Sunday, May 17, 2009

Take a chance

It is not the critic who counts: not the man who points out how the strong man stumbles or where the doer of deeds could have done better. The credit belongs to the man who is actually in the arena, whose face is marred by dust and sweat and blood, who strives valiantly, who errs and comes up short again and again, because there is no effort without error or shortcoming, but who knows the great enthusiasms, the great devotions, who spends himself for a worthy cause; who, at the best, knows, in the end, the triumph of high achievement, and who, at the worst, if he fails, at least he fails while daring greatly, so that his place shall never be with those cold and timid souls who knew neither victory nor defeat.

The words of Teddy Roosevelt.

I came across these words while I was visiting Acton for a Austin Entrepreneur Network start-up class for High Growth Businesses. I guess you can say what every entreprneur wants but statistically few achieve.

But then again to do amazing things, you gotta take amazing risks and become an amazing person. If it were easy, amazing would be ordinary. But its not, its those that decide to burn the ships to prevent all means of retreat when battling a challenge that do amazing things.

How many companies built during difficult economic times have went on to grow and prosper to amazing success? Too many to mention.

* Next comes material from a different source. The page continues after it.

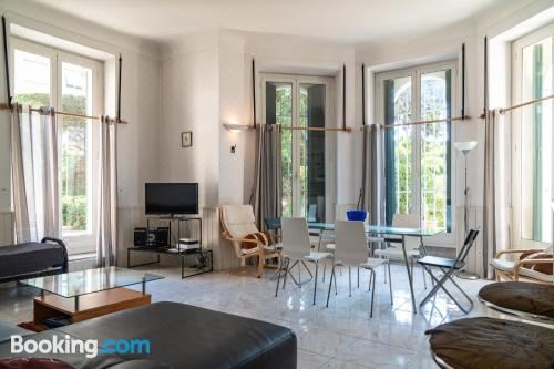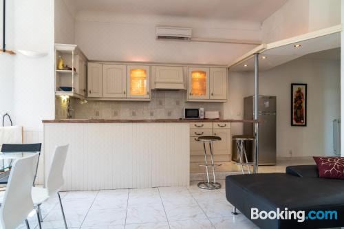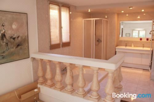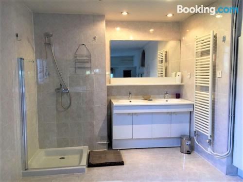 这家空调公寓配有2间卧室、起居室、带冰箱和咖啡机的设施齐全的厨房以及2间带淋浴设施和热水浴池的浴室。2间浴室配有浴缸,也配备免费洗浴用品,提供毛巾和床上用品。

But most importantly, why is it that these individuals who no smarter than any of us, to an extent that is, decide to put it all on the line and go for it? Its an innate punch in your stomach that says, Run with it and see where it goes. It happens to everyone that chooses to create their own path any way possible.

I recently got that punch in my gut a few months ago that just said, "Run with it and see where it goes."

The final blow came when one of my two managers at the bank branch I worked at had asked me how what I did with my time in volunteering to teach 6th graders financial literacy through the Wells Fargo Hands on Banking program helped my bottom line. I was knocked backed into reality and decided that I did not want to have anything to do with this ridiculously messed up banking world. Luckily, I had been training to take the leap into full fledged entrepreneur and thats what this blog is in part to be intended for, to tell my entrepreneurial journey as it develops.